:: Task directions ::
All entries must come back exactly as given, with no pictures in the copy.

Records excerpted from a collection
Segment Open
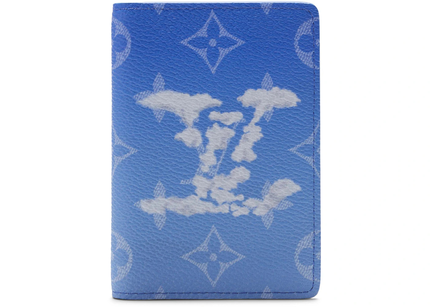 The Louis Vuitton Pocket Organizer Clouds Monogram Blue is made of coated canvas in a blue colorway. This Louis Vuitton Pocket Organizer in Blue features the brand's monogram pattern in faded white and an exterior pocket in the back. On the front of the pocket organizer, the signature interlocking LV is depicted with clouds. Inside, this luxury accessory features three card slots, five interior pockets, and a lining made from leather that has been sustainably processed in a European tannery certified by the Leather Working Group (LWG). The Louis Vuitton Pocket Organizer Clouds Monogram Blue was released in September 2020 for $440 retail.Please Note: Dust bag and box are not required for this accessory. - Dimensions 4.3H 2.9W 0.4D - Material Coated Canvas - Retail Price 440 - Color Blue - Style M69679 - Season FW20 - Base Model Pocket Organizer - Base Model Variety Clouds - Color Generic Blue - Depth 0.4 - Featured false - Height 4.3 - Pattern Monogram - Styles Wallet,Card Holder - Width 2.9
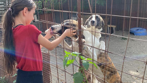 Mitte März 2023 wurde eine Straßenhündin mit ihren zwei Welpenmädchen von Iuliana gesichert. Die ca. 2 Monate alten Welpen waren Frieda und Tinka (auch bei uns in der Vermittlung). Obwohl die Mutter sehr scheu war, haben sich die zwei Schwestern dieses Verhalten nicht abgeschaut, sondern auf Menschenbesuch immer neugierig reagiert. Inzwischen sind sie völlig aus dem Häuschen, wenn Iuliana zum Füttern auftaucht. Sie legen sich ihr zu Füßen, springen gut gelaunt um sie herum und genießen die freundliche Ansprache und die Streicheleinheiten.
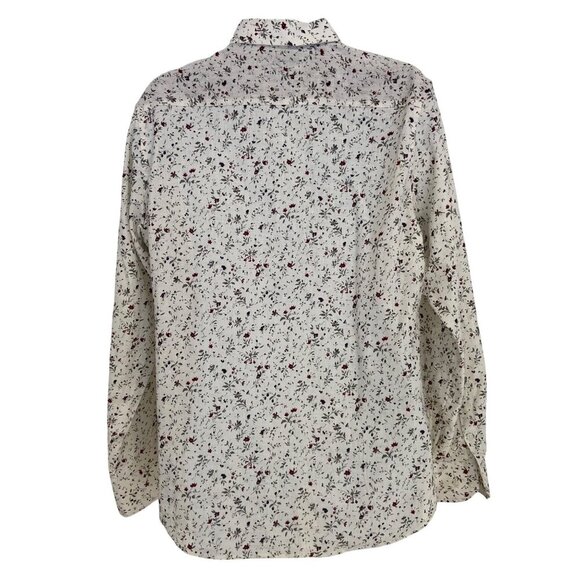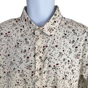 Floral Long Sleeve Linen & cotton blend ecru white Button-Up Shirt By NoCode - Size L
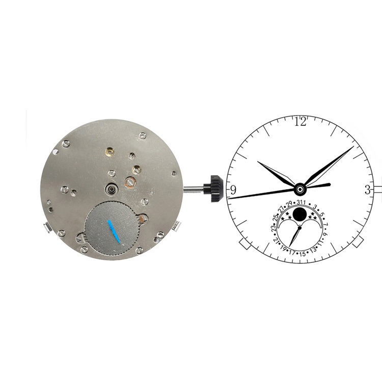 Introducing the Miyota 9015 Watch Movement from Japan, a true marvel of horological engineering. This exceptional timepiece has undergone a modification, adding a moon phase function and a date calendar display at 6 o’clock. With its four-hand movement, it offers precise timekeeping and enhanced functionality.
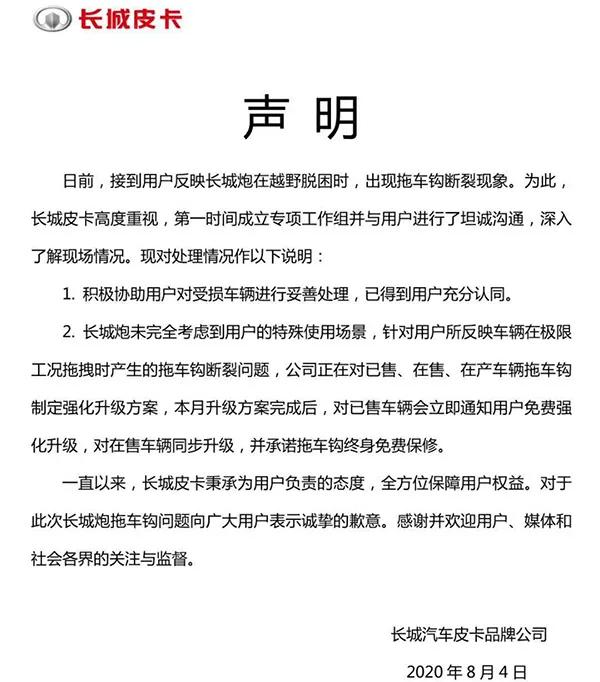 长城对此倒是直言不讳,第一时间承认长城炮拖车钩事件属长城汽车对极限工况的判断不足,以至于采用了较为不合理的焊接式拖车钩结构。未来,长城汽车将协助受损车辆进行妥善处理,这种处理方式现已获得受损车主的认可。并且,长城已对已售、在售、在产的拖车钩进行强化,避免类似情况再次发生。
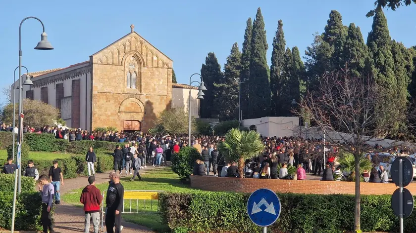 IGLESIAS, 26 NOV - Fiori bianchi sulle bare circondate da una folla commossa che già dal primo pomeriggio si è radunata all'esterno della chiesa della Beata Vergine di Valverde, a Iglesias, per dare l'ultimo saluto ad Aurora Marcia e Riccardo Lai, i due fidanzatini di 17 anni morti la notte tra sabato e domenica in un incidente stradale avvenuto sulla statale 130, alle porte della città. La comunità sconvolta dal dolore si è così stretta attorno ai familiari. Il sindaco Mauro Usai ha proclamato per oggi il lutto cittadino, con la chiusura delle scuole medie e superiori e le bandiere a mezz'asta negli uffici pubblici. Troppo piccola la chiesa per accogliere tutti, così la messa è stata officiata all'aperto dall'arcivescovo emerito di Cagliari Arrigo Miglio, che nella sua omelia ha messo l'accento sulla perdita, ricordando la morte di Lazzaro e il miracolo di Gesù, che lo resuscitò dopo 4 giorni. Conclusa la cerimonia funebre, gli amici delle due giovanissime vittime hanno voluto salutarli con il rombo di decine di scooter e moto e liberando in cielo dei palloncini bianchi. In città sulle epigrafi i messaggi di parenti, compagni di scuola e di tutti quelli che li conoscevano. "Giunga alle famiglie la mia vicinanza e il mio abbraccio fraterno - ha detto all'ANSA il sindaco Usai al termine dei funerali - E' stato un momento di forte cordoglio che ci ha permesso di riunirci come comunità". (ANSA).
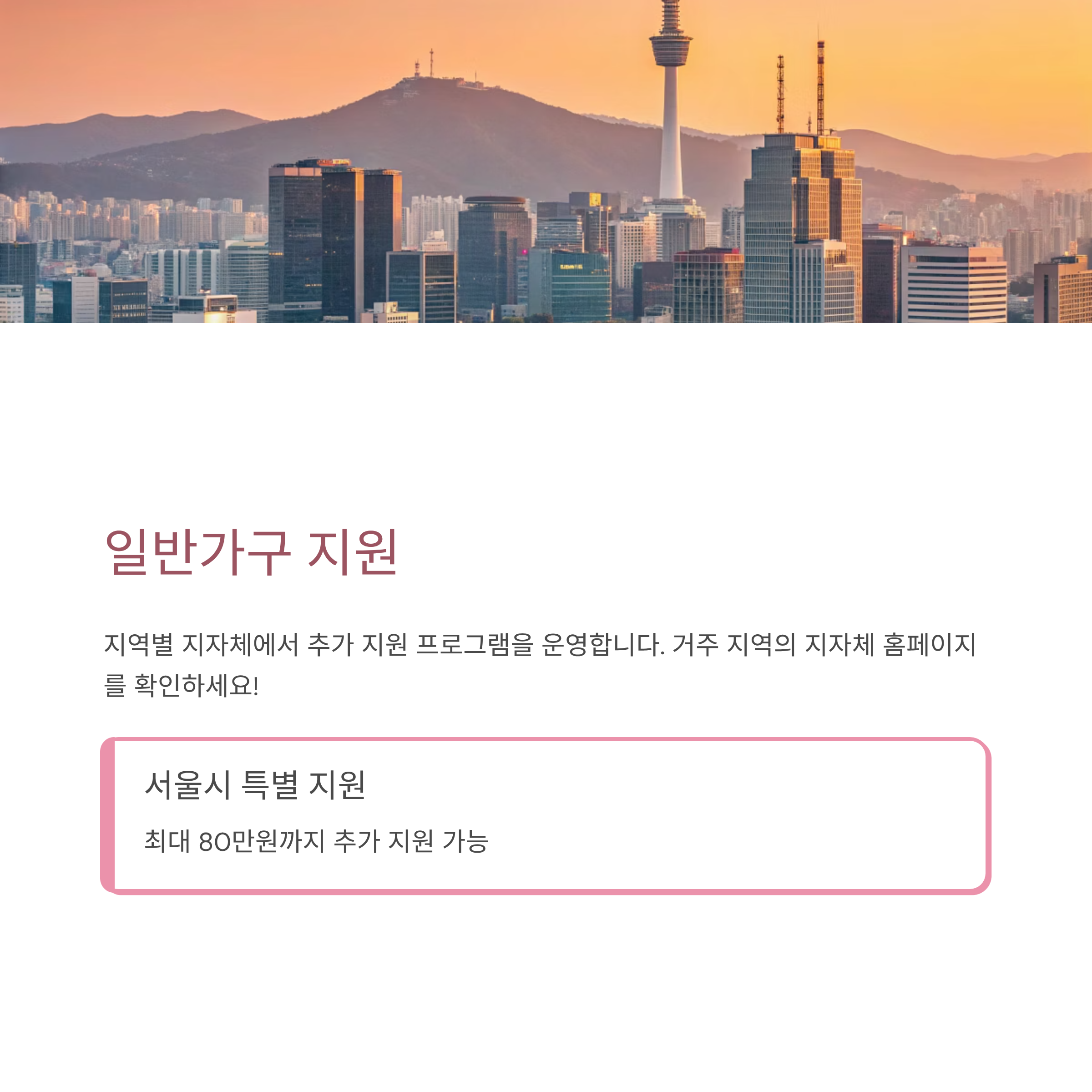 지역별 지자체에서 추가 지원 프로그램을 운영합니다. 서울시의 경우 최대 80만원까지 추가 지원합니다.
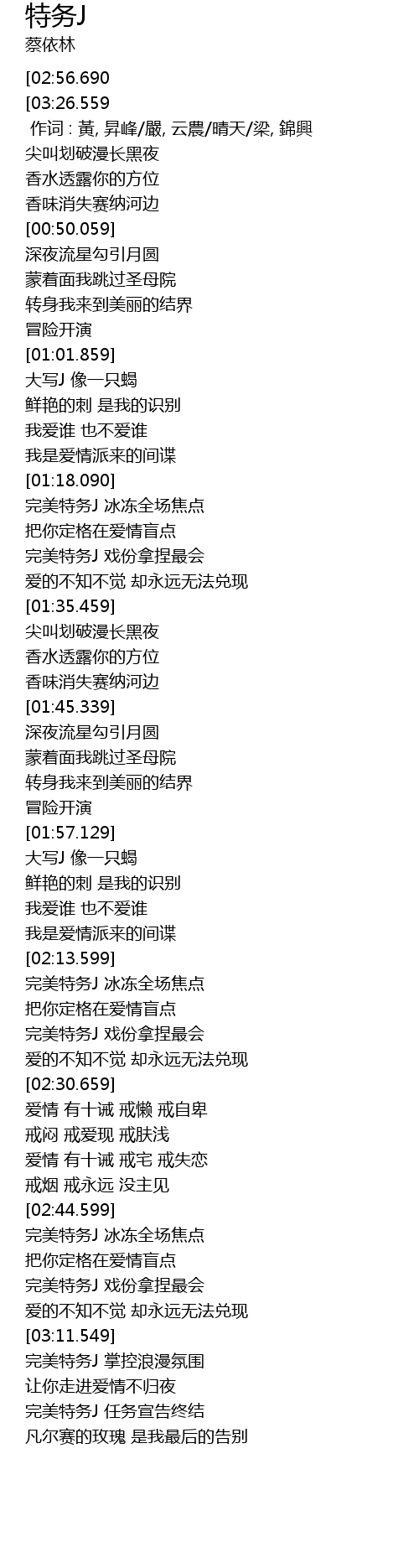 | [03:12.599] | 完美特务J 掌控浪漫氛围 |
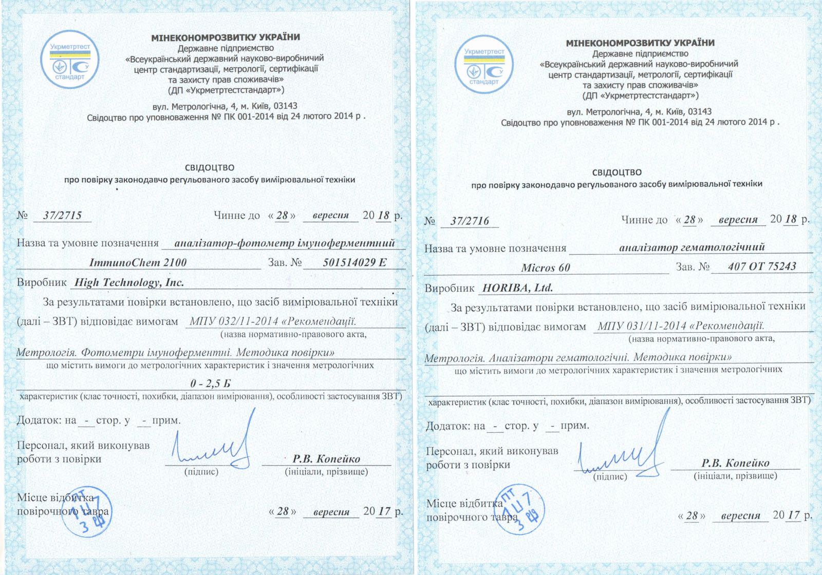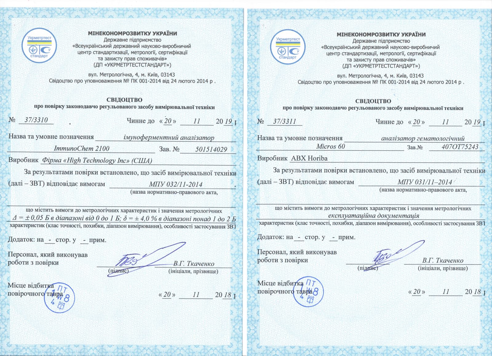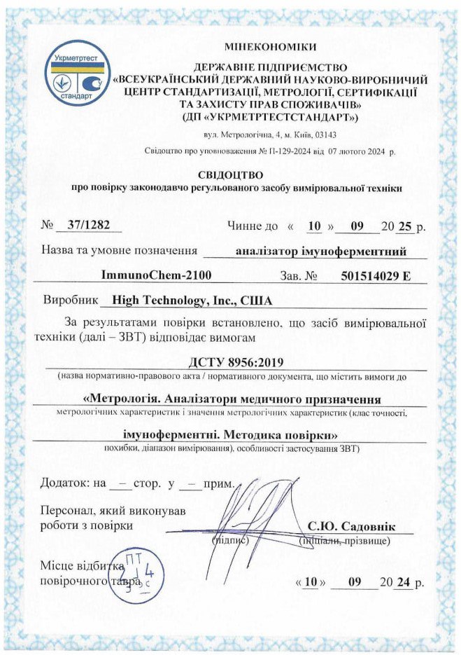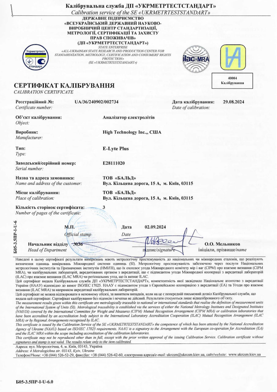 Усі аналізи виконуються виключно на приладах та устаткуванні, які пройшли метрологічну перевірку та відповідають усім вимогам та критеріям діагностичної лабораторії. Рекомендуємо господарям тварин вимагати сертифікаційні документи ветеринарної лабораторії, в яку здаєте аналізи своєї тварини, оскільки не всі лабораторії проходять належну сертифікацію!
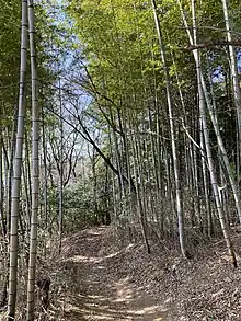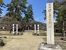 The Gifu Sekigahara Battlefield Memorial Museum (right) and the attached Café (left). The Mon on the tower are of the Ishida (left) and Tokugawa (right) clans. - 🌍 Ōtani Yoshitsugu's Grave (大谷吉継の墓 Ōtaniyoshitsugu no haka). One of the westernmost memorial markers in the town, this spot marks both the encampment and final burial site of Ōtani Yoshitsugu, one of the Western Alliance's main commanders. When he realized the defections of Kobayakawa Hideaki and others and the increasingly small likelihood of Western victory, he committed seppuku, or ritual suicide. Best reached by bicycle (although it is within walking distance, it just takes longer to get to than most other sites), but the final stretch up the mountain must be walked.
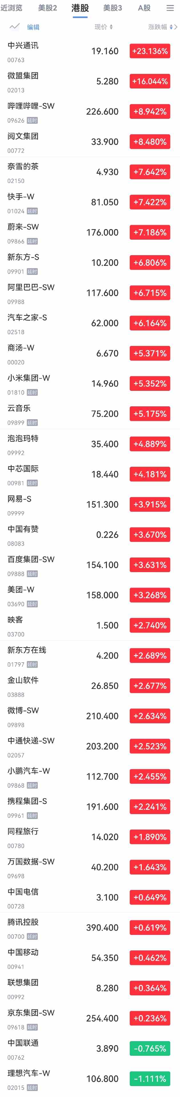恒生科技指數(shù)漲2.05%,中興通訊漲超23%,微盟集團漲超16%
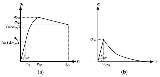 where σcm denotes the compressive strength of concrete and εcm represents the strain at peak strength. An earlier study [64] showed that the strength dropped linearly to 85% of the ultimate strength at the ultimate strain σcu = 0.01.
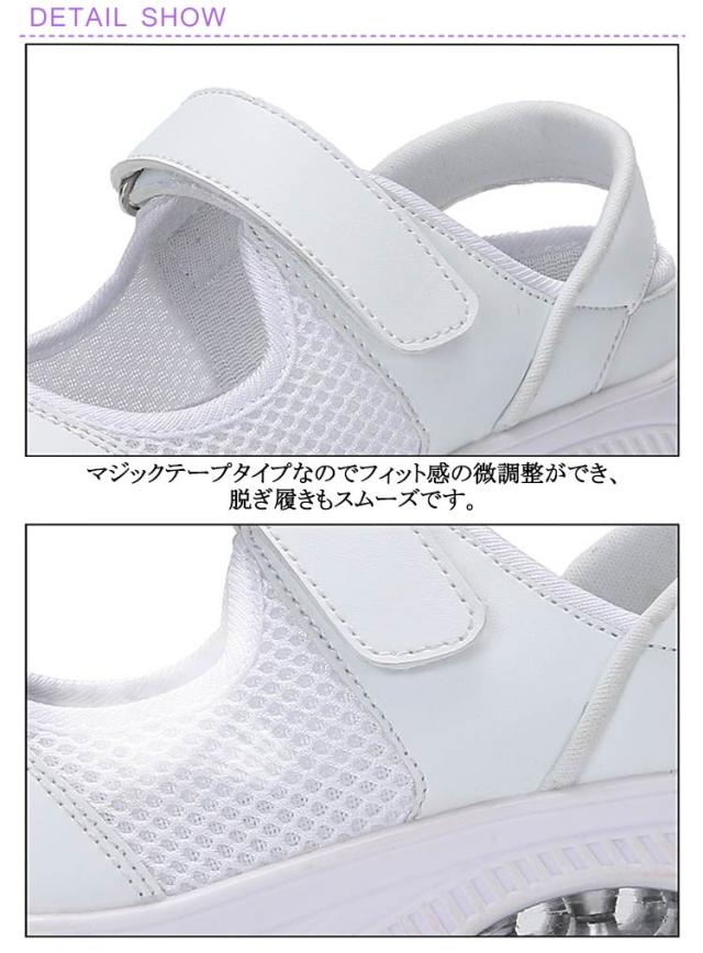 | 22.5cm〜26.0cm ウォーキングはもちろん、普段使いにもバッチリなウオーキングシューズ 柔軟で軽便な靴底、 アッパーは一体織りメッシュを採用し、通気性に優れた。 蒸し暑さを削減できて爽やか感じを。 インソールも抗菌防臭加工を施して、軟らかくて、履いたその日から足になじみやすくなっています。 アウトソールは耐摩耗性に優れたMDゴムを採用して、付着力が強くて滑りにくく、 クッション性も強化し、地面との反発力を高め、グリップ性が向上し、お年寄りは安心して履きやすいです。 看護師さんはもちろん、介護士、清掃、事務など室内でのお仕事におすすめです。 マジックテープタイプなのでフィット感の微調整ができ、脱ぎ履きもスムーズです。 シンプルかつカジュアルなデザインで、コーデしやすいため、普段使いはもちろん、 トライブ、通勤、通学、ショッピングなど幅広くご利用いただけます。 | |
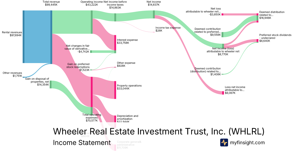 For the year ending 2025-12-31, WHLRL made $99,445K in revenue. -$3,850K in net income. Net profit margin of -3.87%.
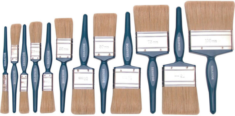 Festett fanyéllel. Krómozott fémlemez szorítópánt. Hosszú, tiszta sörteszálak. 12 darabos készlet - 1 x 19, 38, 63 és 100 mm-es, 2 x 13, 25, 50 és 75 mm-es ecsetek.
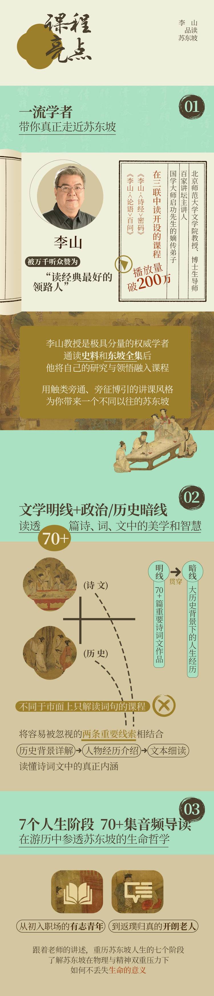 2.《李山·品读苏东坡》为音频专栏,约80课时,首发5节,每周更新1-2节。
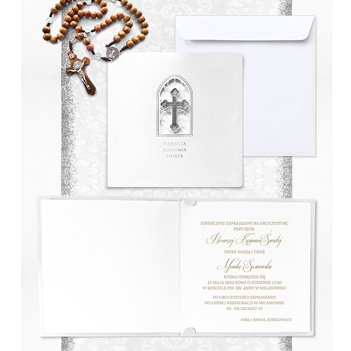 Wyjątkowe zaproszenie wykonane z najwyższej jakości metalizowanego białego papieru, uszlachetnionego prawdziwym srebrzeniem oraz precyzyjnym cięciem laserowym. Ażurowy witraż w centralnej części zaproszenia zdobi grawerowana aplikacja w postaci krzyżyka, wykonana z lustrzanego tworzywa, co nadaje mu elegancji i subtelnego blasku.
Segment Closed
:: Reply to the exercise ::
 The Louis Vuitton Pocket Organizer Clouds Monogram Blue is made of coated canvas in a blue colorway. This Louis Vuitton Pocket Organizer in Blue features the brand's monogram pattern in faded white and an exterior pocket in the back. On the front of the pocket organizer, the signature interlocking LV is depicted with clouds. Inside, this luxury accessory features three card slots, five interior pockets, and a lining made from leather that has been sustainably processed in a European tannery certified by the Leather Working Group (LWG). The Louis Vuitton Pocket Organizer Clouds Monogram Blue was released in September 2020 for $440 retail.Please Note: Dust bag and box are not required for this accessory. - Dimensions 4.3H 2.9W 0.4D - Material Coated Canvas - Retail Price 440 - Color Blue - Style M69679 - Season FW20 - Base Model Pocket Organizer - Base Model Variety Clouds - Color Generic Blue - Depth 0.4 - Featured false - Height 4.3 - Pattern Monogram - Styles Wallet,Card Holder - Width 2.9
 Mitte März 2023 wurde eine Straßenhündin mit ihren zwei Welpenmädchen von Iuliana gesichert. Die ca. 2 Monate alten Welpen waren Frieda und Tinka (auch bei uns in der Vermittlung). Obwohl die Mutter sehr scheu war, haben sich die zwei Schwestern dieses Verhalten nicht abgeschaut, sondern auf Menschenbesuch immer neugierig reagiert. Inzwischen sind sie völlig aus dem Häuschen, wenn Iuliana zum Füttern auftaucht. Sie legen sich ihr zu Füßen, springen gut gelaunt um sie herum und genießen die freundliche Ansprache und die Streicheleinheiten.
 Floral Long Sleeve Linen & cotton blend ecru white Button-Up Shirt By NoCode - Size L
 Introducing the Miyota 9015 Watch Movement from Japan, a true marvel of horological engineering. This exceptional timepiece has undergone a modification, adding a moon phase function and a date calendar display at 6 o’clock. With its four-hand movement, it offers precise timekeeping and enhanced functionality.
 长城对此倒是直言不讳,第一时间承认长城炮拖车钩事件属长城汽车对极限工况的判断不足,以至于采用了较为不合理的焊接式拖车钩结构。未来,长城汽车将协助受损车辆进行妥善处理,这种处理方式现已获得受损车主的认可。并且,长城已对已售、在售、在产的拖车钩进行强化,避免类似情况再次发生。
 IGLESIAS, 26 NOV - Fiori bianchi sulle bare circondate da una folla commossa che già dal primo pomeriggio si è radunata all'esterno della chiesa della Beata Vergine di Valverde, a Iglesias, per dare l'ultimo saluto ad Aurora Marcia e Riccardo Lai, i due fidanzatini di 17 anni morti la notte tra sabato e domenica in un incidente stradale avvenuto sulla statale 130, alle porte della città. La comunità sconvolta dal dolore si è così stretta attorno ai familiari. Il sindaco Mauro Usai ha proclamato per oggi il lutto cittadino, con la chiusura delle scuole medie e superiori e le bandiere a mezz'asta negli uffici pubblici. Troppo piccola la chiesa per accogliere tutti, così la messa è stata officiata all'aperto dall'arcivescovo emerito di Cagliari Arrigo Miglio, che nella sua omelia ha messo l'accento sulla perdita, ricordando la morte di Lazzaro e il miracolo di Gesù, che lo resuscitò dopo 4 giorni. Conclusa la cerimonia funebre, gli amici delle due giovanissime vittime hanno voluto salutarli con il rombo di decine di scooter e moto e liberando in cielo dei palloncini bianchi. In città sulle epigrafi i messaggi di parenti, compagni di scuola e di tutti quelli che li conoscevano. "Giunga alle famiglie la mia vicinanza e il mio abbraccio fraterno - ha detto all'ANSA il sindaco Usai al termine dei funerali - E' stato un momento di forte cordoglio che ci ha permesso di riunirci come comunità". (ANSA).
 지역별 지자체에서 추가 지원 프로그램을 운영합니다. 서울시의 경우 최대 80만원까지 추가 지원합니다.
 | [03:12.599] | 完美特务J 掌控浪漫氛围 |
 Усі аналізи виконуються виключно на приладах та устаткуванні, які пройшли метрологічну перевірку та відповідають усім вимогам та критеріям діагностичної лабораторії. Рекомендуємо господарям тварин вимагати сертифікаційні документи ветеринарної лабораторії, в яку здаєте аналізи своєї тварини, оскільки не всі лабораторії проходять належну сертифікацію!
 The Gifu Sekigahara Battlefield Memorial Museum (right) and the attached Café (left). The Mon on the tower are of the Ishida (left) and Tokugawa (right) clans. - 🌍 Ōtani Yoshitsugu's Grave (大谷吉継の墓 Ōtaniyoshitsugu no haka). One of the westernmost memorial markers in the town, this spot marks both the encampment and final burial site of Ōtani Yoshitsugu, one of the Western Alliance's main commanders. When he realized the defections of Kobayakawa Hideaki and others and the increasingly small likelihood of Western victory, he committed seppuku, or ritual suicide. Best reached by bicycle (although it is within walking distance, it just takes longer to get to than most other sites), but the final stretch up the mountain must be walked.
恒生科技指數(shù)漲2.05%,中興通訊漲超23%,微盟集團漲超16%
 where σcm denotes the compressive strength of concrete and εcm represents the strain at peak strength. An earlier study [64] showed that the strength dropped linearly to 85% of the ultimate strength at the ultimate strain σcu = 0.01.
 | 22.5cm〜26.0cm ウォーキングはもちろん、普段使いにもバッチリなウオーキングシューズ 柔軟で軽便な靴底、 アッパーは一体織りメッシュを採用し、通気性に優れた。 蒸し暑さを削減できて爽やか感じを。 インソールも抗菌防臭加工を施して、軟らかくて、履いたその日から足になじみやすくなっています。 アウトソールは耐摩耗性に優れたMDゴムを採用して、付着力が強くて滑りにくく、 クッション性も強化し、地面との反発力を高め、グリップ性が向上し、お年寄りは安心して履きやすいです。 看護師さんはもちろん、介護士、清掃、事務など室内でのお仕事におすすめです。 マジックテープタイプなのでフィット感の微調整ができ、脱ぎ履きもスムーズです。 シンプルかつカジュアルなデザインで、コーデしやすいため、普段使いはもちろん、 トライブ、通勤、通学、ショッピングなど幅広くご利用いただけます。 | |
 For the year ending 2025-12-31, WHLRL made $99,445K in revenue. -$3,850K in net income. Net profit margin of -3.87%.
 Festett fanyéllel. Krómozott fémlemez szorítópánt. Hosszú, tiszta sörteszálak. 12 darabos készlet - 1 x 19, 38, 63 és 100 mm-es, 2 x 13, 25, 50 és 75 mm-es ecsetek.
 2.《李山·品读苏东坡》为音频专栏,约80课时,首发5节,每周更新1-2节。
 Wyjątkowe zaproszenie wykonane z najwyższej jakości metalizowanego białego papieru, uszlachetnionego prawdziwym srebrzeniem oraz precyzyjnym cięciem laserowym. Ażurowy witraż w centralnej części zaproszenia zdobi grawerowana aplikacja w postaci krzyżyka, wykonana z lustrzanego tworzywa, co nadaje mu elegancji i subtelnego blasku.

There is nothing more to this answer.